The AI is designed to raise questions, not answer them. Every paper it flags still needs to be reviewed by experts before any conclusions can be reached.
The research team at Queensland University of Technology (QUT) trained the system using BERT, a language-processing model capable of recognising recurring writing patterns in previously identified paper mill publications. During testing, it correctly identified known paper mill papers about 91% of the time.
The researchers compare it to a spam filter. It doesn't decide whether an email is malicious; it simply spots the ones that deserve another look. Three scientific journals are already testing the technology as part of their editorial process.
What surprised the researchers wasn't just the number of papers flagged. It was the direction of travel.
Their analysis suggests that the proportion of potentially problematic cancer studies has steadily climbed over the past two decades, from around 1% in the early 2000s to more than 16% by 2022. The trend appeared across thousands of journals, with molecular cancer biology and laboratory-based research showing some of the highest concentrations.

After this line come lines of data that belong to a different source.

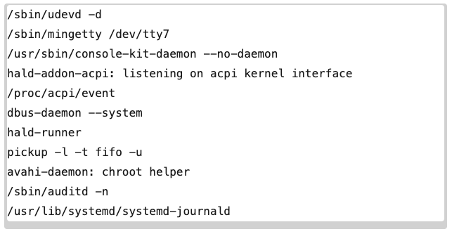 - 一般的な Linux システムのデーモンに似た名前でバイナリを偽装する。
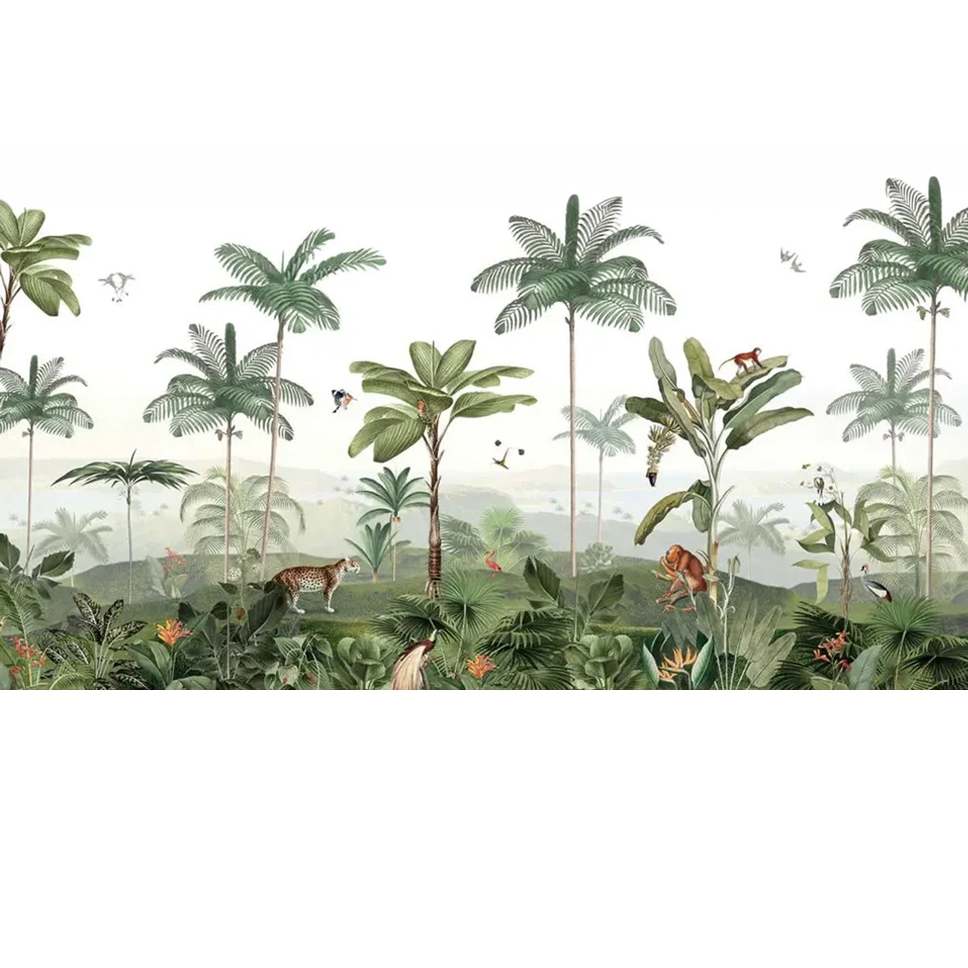 A vibrant tropical jungle panorama featuring tall palm trees, dense foliage, and playful monkeys amid birds and tropical plants. Ideal for nature, travel, or adventure themes and lush green palettes.
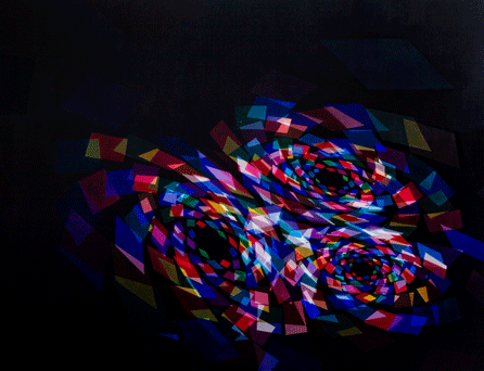 REBECCA PARTRIDGE "When I was very young I had synaesthetic dreams. I dreamt of white spaces in which there were these simple, bright geometric forms moving round a centre point that dissolved into a dark chaos…… Apparently it’s very common in synaesthetics to have this alphabet of forms and patterns, vortexes and spirals, particularly in early childhood. Now, I find them everywhere…… At one end of it is the bigger picture, the macro … dealing with huge, vast spaces and evoking a sense of awe and fear that is thought of as ‘sublime’. Then there is the micro, the point of origin from which this vastness has expanded, which is represented in the ordered precise geometry of Indian mandalas. They may appear very different, but actually they’re dealing with the same thing. They have a connection, a sense of continuum...." |
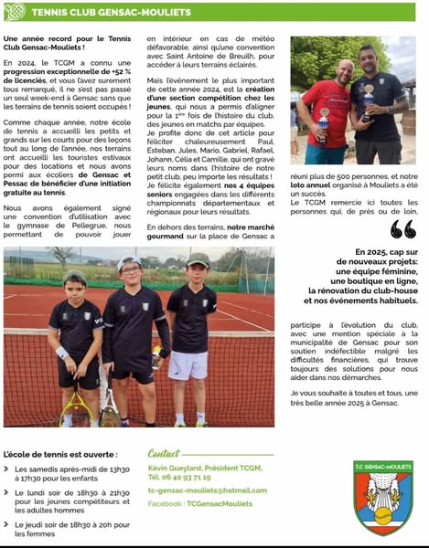Contact et dates rencontres : AS COTEAUX DE DORDOGNE
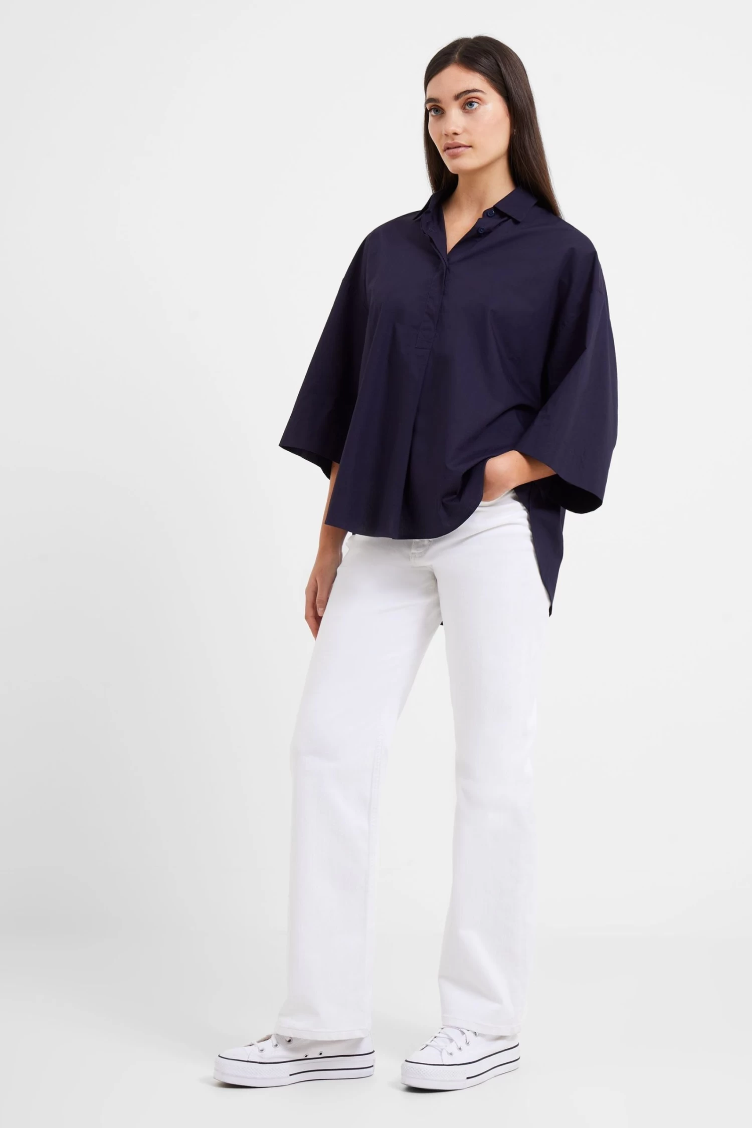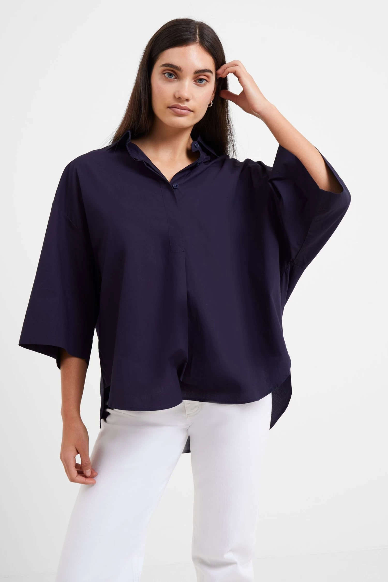 French Connection Blue Rhodes Sust Poplin Shortsleeve Popover Shirt
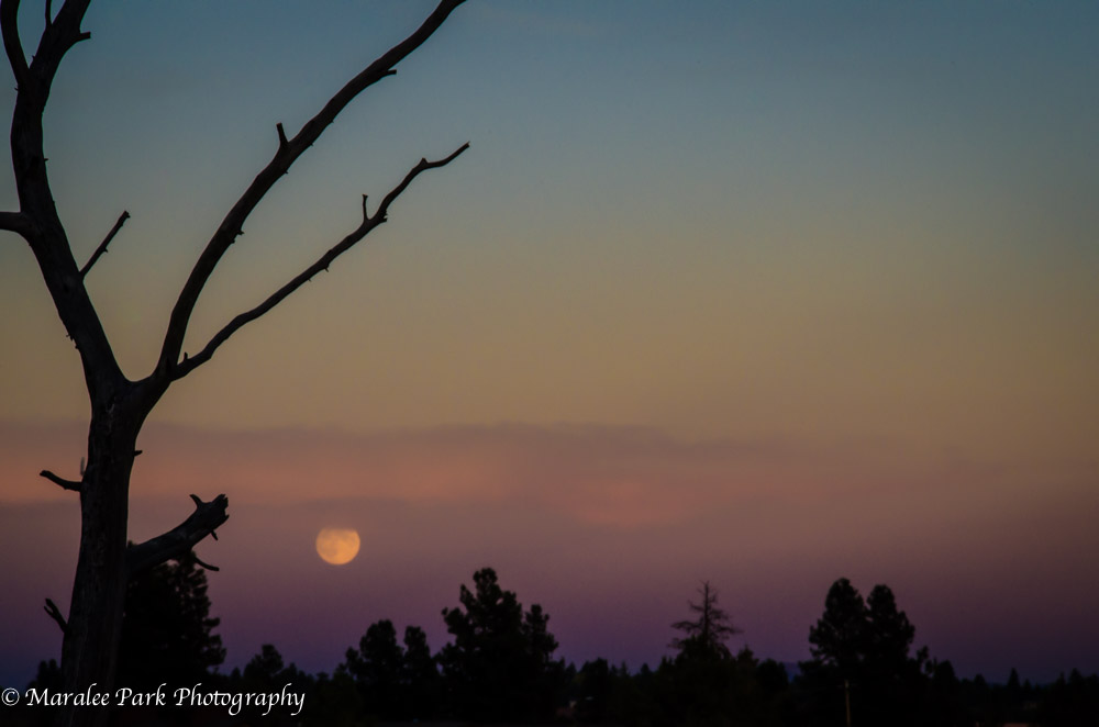 Tuesday evening I caught the moon rise early in the evening. I wasn’t sure I was going to be able to see anything because of a bank of smoke on the horizon caused by some controlled burns that are occurring in the area.
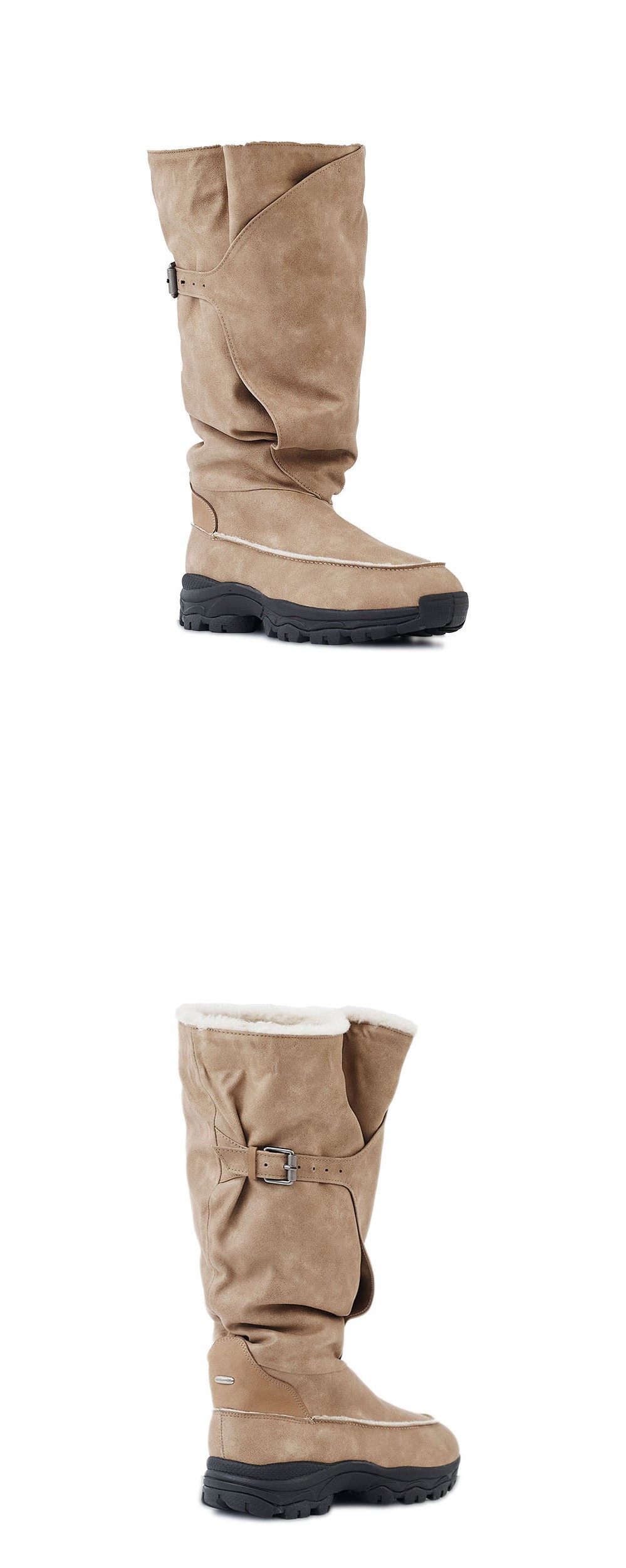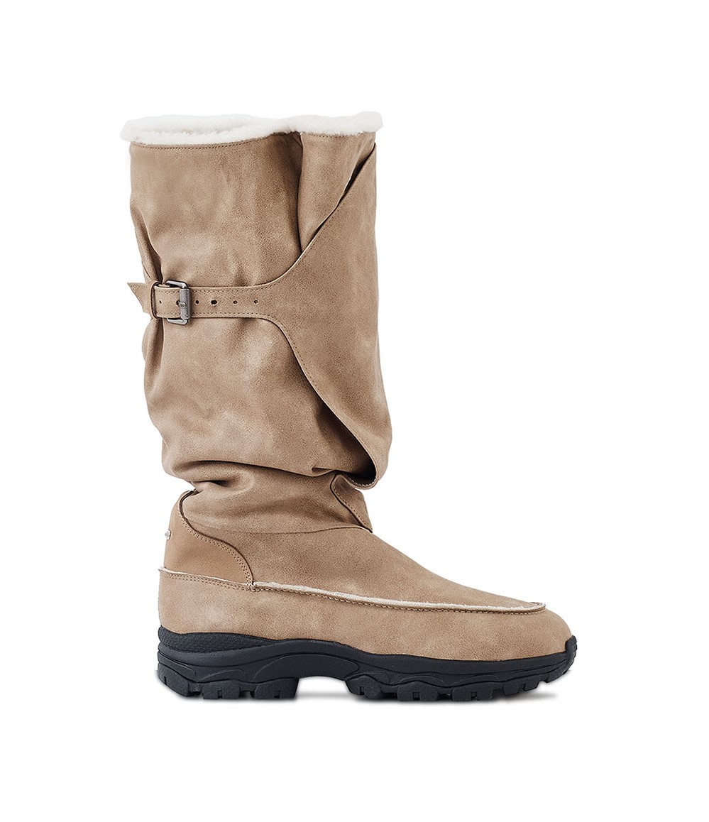 NegativeThree Belted Slouchy Shearling Boots Washed Beige

The study lands as publishers face mounting pressure to protect the integrity of scientific literature.
Earlier this month, Nature reported that cancer papers suspected of originating from paper mills were attracting significantly more citations than legitimate studies. Researchers warned that questionable papers can spread through the scientific record as other scientists unknowingly cite and build upon them.
That has consequences beyond academia.
Cancer studies influence everything from laboratory research and clinical trials to drug development and treatment guidelines. If unreliable research slips through the system, it can divert funding, mislead future studies and slow scientific progress.
Publishers have been tightening safeguards for several years, introducing stricter peer review, image-forensics software and plagiarism detection. AI is now becoming another layer of defence.
The authors stress that the technology is not meant to replace human judgement. Instead, they see it as a tool that can help editors focus their attention where it's needed most.
And they offer one final note of caution: being flagged by the AI is not evidence of misconduct. It is simply a signal that a paper deserves a closer look—an increasingly important distinction as generative AI makes it easier than ever to produce convincing scientific writing.